The crew did not have several local notices (known as Notices to Airmen, or NOTAMs) that morning. The missing NOTAMs included one about a taxiway that had been closed because of a major runway construction project. The airport faxed those notices to Comair, but they weren't given to the crew.
At the same time, the local notices should have been included on the ATIS, a radio frequency that pilots listen to with pre-recorded notices and information about changes at the airport. The local notice information had been on the ATIS in days before the crash, but it wasn't there Aug. 27. NTSB investigators said it's unclear why the air traffic controller did not record the local notice information on the ATIS that morning.
Finally, the runway/taxiway charts being used by the crew were out of date and did not accurately reflect changes on the ground because of construction.
"Things were not as they were normally at this airport," Hersman said.
"It's very clear to us this crew made a mistake, but the question is what enabled them to make this mistake," Hersman said. "I know the challenge here is that they didn't voice any confusion.
"The aviation system is supposed to have redundancy," Hersman said, outlining the omitted notices and reading an extensive warning provided after the crash by another airline. "It's just a shame this information wasn't there before the accident."
The NTSB investigator-in-charge, Joseph Sedor, said that the crew had illuminated signs, blue taxiway lights, runway markings, barricades and a very dark forward view instead of the well-lighted runway they should have expected. And there were no indications that the crew thought they were in the wrong place.
In fact, a minute after the plane began taxiing out, "the crew engaged in 40 seconds of non-pertinent conversation," he said. Then, as the plane waited for 50 seconds before turning to take off, the crew had multiple cues they were in the wrong place.
"There is not one single bit of information that the staff looked at that could have caused this accident, except for the non-pertinent conversation," Sedor said.
The safety board began the afternoon with a discussion of the air-traffic control tower. Only one controller was on duty the morning of the crash, even though FAA rules said there should have been two.
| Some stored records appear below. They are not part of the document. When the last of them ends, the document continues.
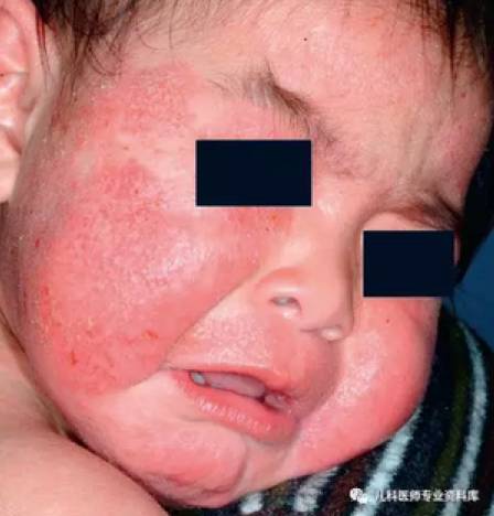 2.皮損好發生在頭皮、面部、耳廓,表現為皮膚皸裂、增厚、滲液和結痂,尿布區一般不受累(因為這個區域摩擦少,濕度大,皮膚水分散失少,因而皮膚屏障功能好)。
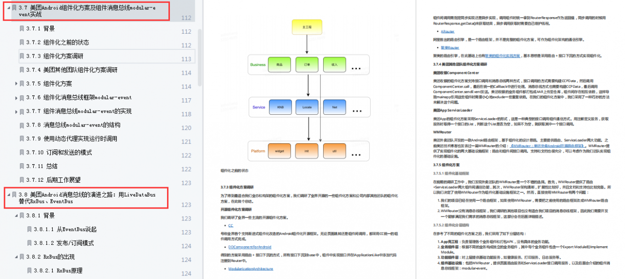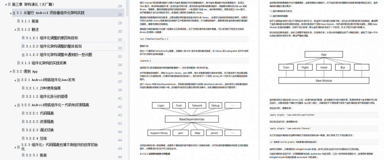 这里给大家分享一份全网最全的《高级 Android 组件化强化实战》手册,手册分为三个大章节,Android 组件化初识,Android 组件化初探 和 架构演化(大厂篇),最主要的就是第三个章节——架构演化(大厂篇)。
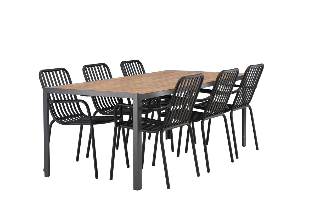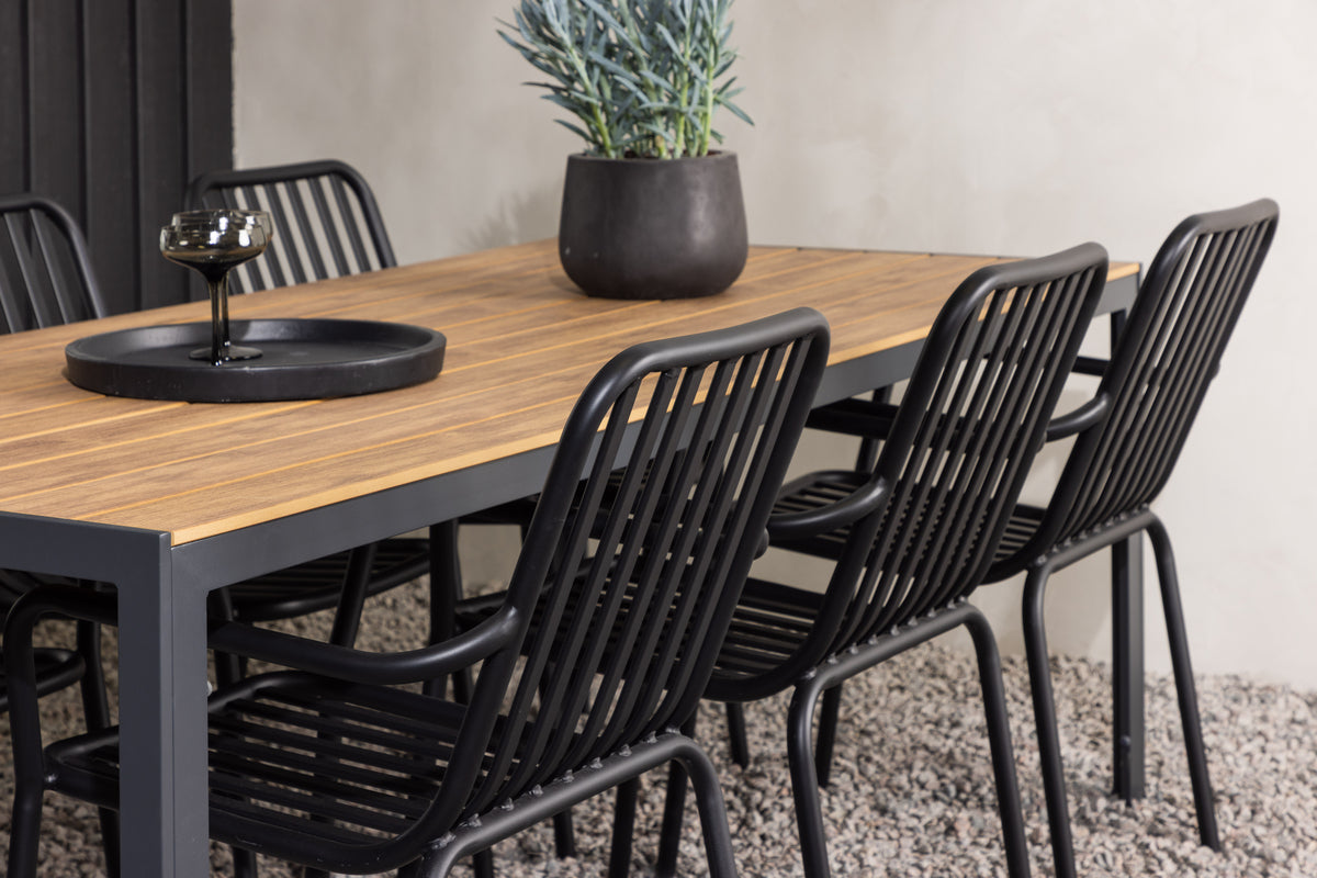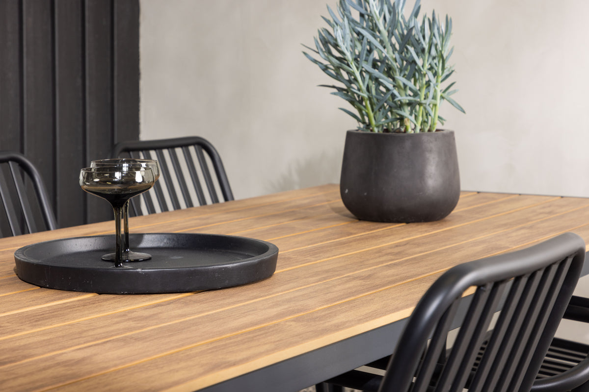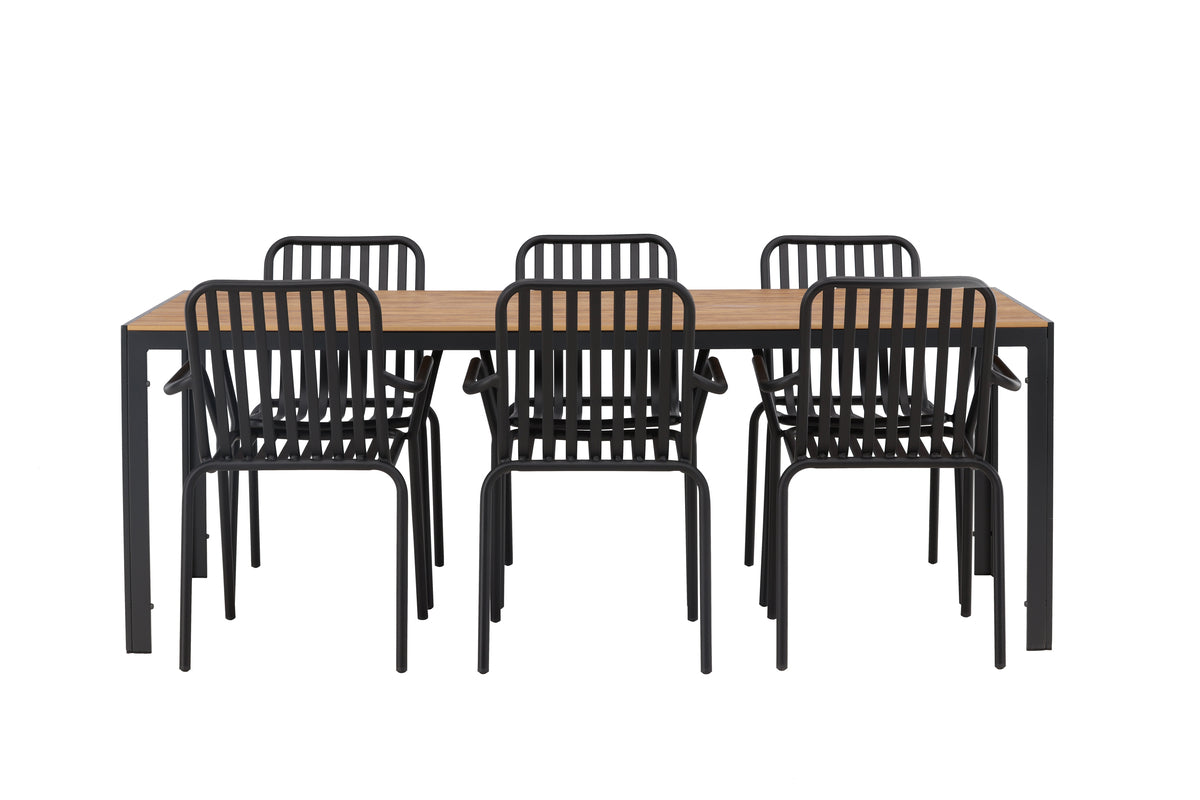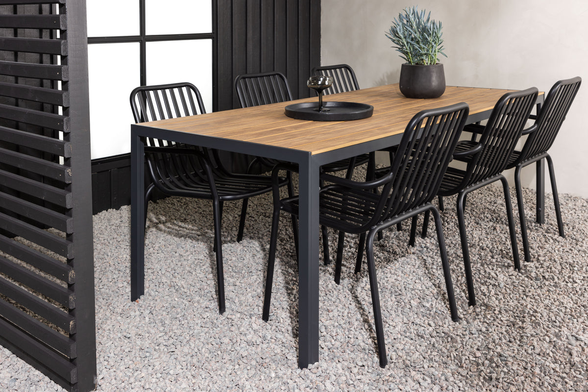 Skab et trendy blikfang på din terrasse med en spisegruppe, der matcher! Vores rektangulære spisebord Break har lige former i klassisk nordisk design med en bordplade i krydsfiner og bordben i sort aluminium. Her i en flot kombination med spisestole fra serien Peking. Stolens ribbede udførelse og sodfarvede sorte kulør gør, at den både føles moderne og tidløs. Fremstillet i aluminium, som gør den nem at flytte rundt, og integrerede armlæn for ekstra komfort. Her bliver du siddende længe og nyder det på din terrasse! Bordets mål: 200x90cm.
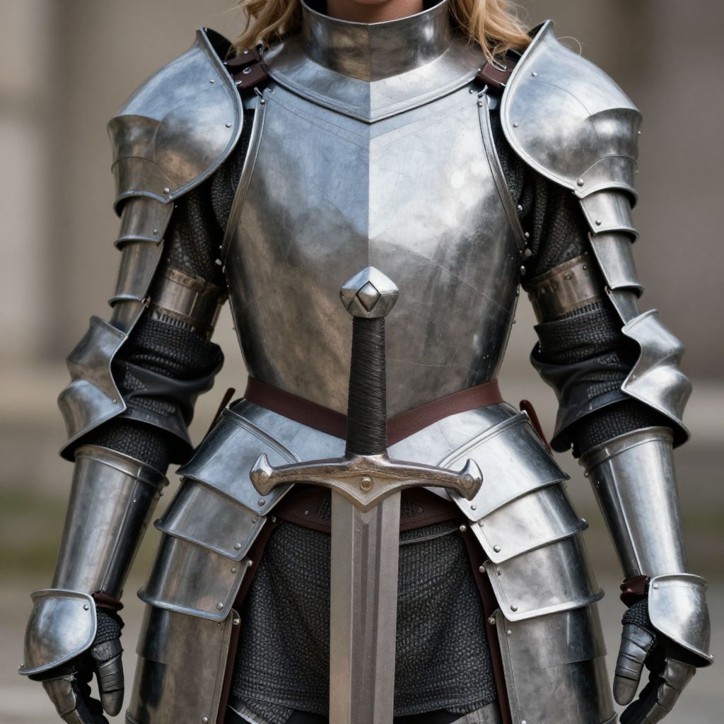 Photograph of a medieval knight in shiny, silver plate armor with black chainmail, visible sword, and blonde hair, standing outdoors.
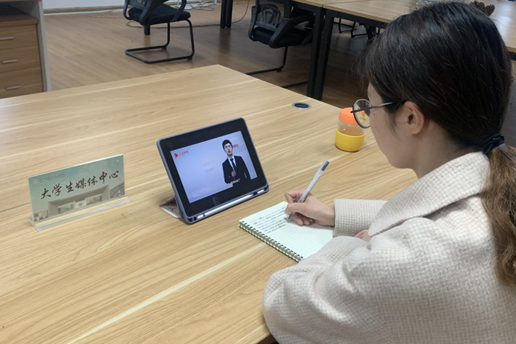 “作为校园新闻宣传报道的主力军,我们要持续加强校园媒体深度融合、互动赋能,增强团队紧密联动,有效合作,在报道形式上创新优化,脚踏实地,传播校园好声音、正能量。迎着建党百年的春风,奋力奔跑再出发!”大学生媒体中心主席、汉语言1801班钟佳苗同学表示。大学生媒体中心副主席、汉语言1803陈辰同学认为,作为一名学生记者,应该更广泛地学习,理清思路、找准方向,跳出自己的圈子,更加客观地看待两会中涉及的包括经济、社会、民生等各方面问题,与时俱进,不断提升自己。

The air traffic controller had two opportunities to possibly avert the accident, said Bill Bramble, senior human performance investigator.
The pilots stopped the airplane short of the general aviation runway for 50 seconds, Bramble said. The controller then had an opportunity to stop the airplane during the 28 seconds it took the airplane to reach take-off speed, he said.
Still, "it is unlikely a second controller assigned to the tower position would have detected the wrong runway takeoff," Bramble said.
"This decision did not contribute to the circumstances of the accident."
Hersman disagreed with Bramble. She said the board didn't have enough information to say whether a second controller would have helped.
"We don't know if it made a difference or not," Hersman said. "There are too many moving parts in this."
The board talked at length about the controller who was on duty, Christopher Damron, and whether his inattention contributed to the crash. The controller told investigators that he cleared the plane for takeoff, then turned his back to perform an administrative task.
Some members of the board said tending to that administrative task instead of monitoring the safety of the plane was a judgment error.
The NTSB already has made several recommendations to the FAA as a result of the Lexington crash, including that the FAA order commercial airlines to require pilots to cross-check their instruments to ensure that they're taking off from the correct runway; and that the FAA require airlines with scheduled commercial service to provide specific guidance to pilots for runway lighting requirements at night.
In a later series of recommendations, the NTSB called on the FAA and the National Air Traffic Controllers Association to change scheduling policies and to increase awareness of the dangers of sleep deprivation among controllers.
The NTSB also recommended that controllers receive annual training.